Eric Driggs, Vince Houghton (Author), Eric Driggs, TBD, Vince Houghton (Narrator)
Audiobook
The Demon of Unrest: A Saga of Hubris, Heartbreak and Heroism at the Dawn of the Civil War
The internationally bestselling author of The Splendid and the Vile brings to life the pivotal five months between the election of Abraham Lincoln and the start of the Civil War—a slow-burning crisis that finally tore a deeply divided nation in two. On November 6, 1860, Abraham Lincoln became the fluky victor in a tight race for president. The country was bitterly at odds; Southern extremists were moving ever closer to destroying the Union, with one state after another seceding and Lincoln powerless to stop them. Slavery fuelled the conflict, but somehow the passions of North and South came to focus on a lonely federal fortress in Charleston Harbor: Fort Sumter. Master storyteller Erik Larson offers a gripping account of the chaotic months between Lincoln’s election and the Confederacy’s shelling of Sumter – a period marked by tragic errors and miscommunications, enflamed egos and craven ambitions, personal tragedies and betrayals.
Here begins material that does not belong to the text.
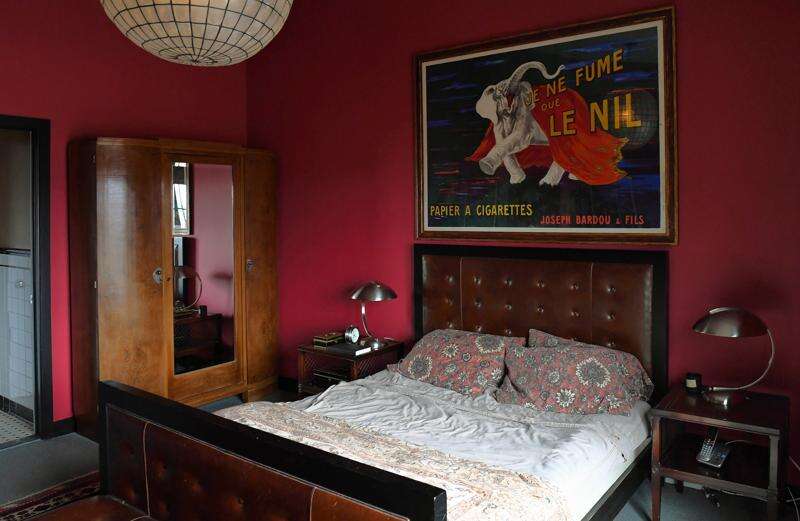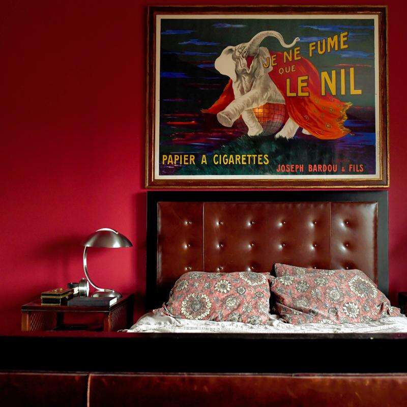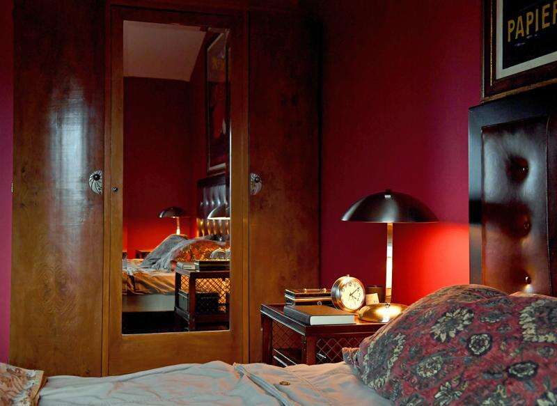 The designers were faced with a room about 18 by 13 feet, with an 8-foot ceiling at the windows that rises to 14 feet by the bedroom doors. Walls are a medium-dark red, with brown trim so dark it appears black. Large bi-fold closet doors eat up one wall, an art deco armoire fills another, and there is just room for a queen bed and bed stands on the long wall opposite the closet. It would be a challenge.

Lincoln himself wrote that the trials of these five months were ‘so great that, could I have anticipated them, I would not have believed it possible to survive them’. At the heart of this suspense-filled narrative are Major Robert Anderson, Sumter’s commander and a former slave owner sympathetic to the South but loyal to the Union; Edmund Ruffin, a vain and bloodthirsty radical who stirs secessionist ardour at every opportunity; and Mary Boykin Chesnut, wife of a prominent planter, conflicted over both marriage and slavery and seeing parallels between both. In the middle of it all is the overwhelmed Lincoln, battling with his duplicitous Secretary of State, William Seward, as he tries desperately to avert a war that he fears is inevitable – one that will eventually kill 750,000 Americans. Drawing on diaries, secret communiques, slave ledgers, and plantation records, Larson gives us a political horror story that captures the forces that led America to the brink – a dark reminder that we often don’t see a cataclysm coming until it’s too late.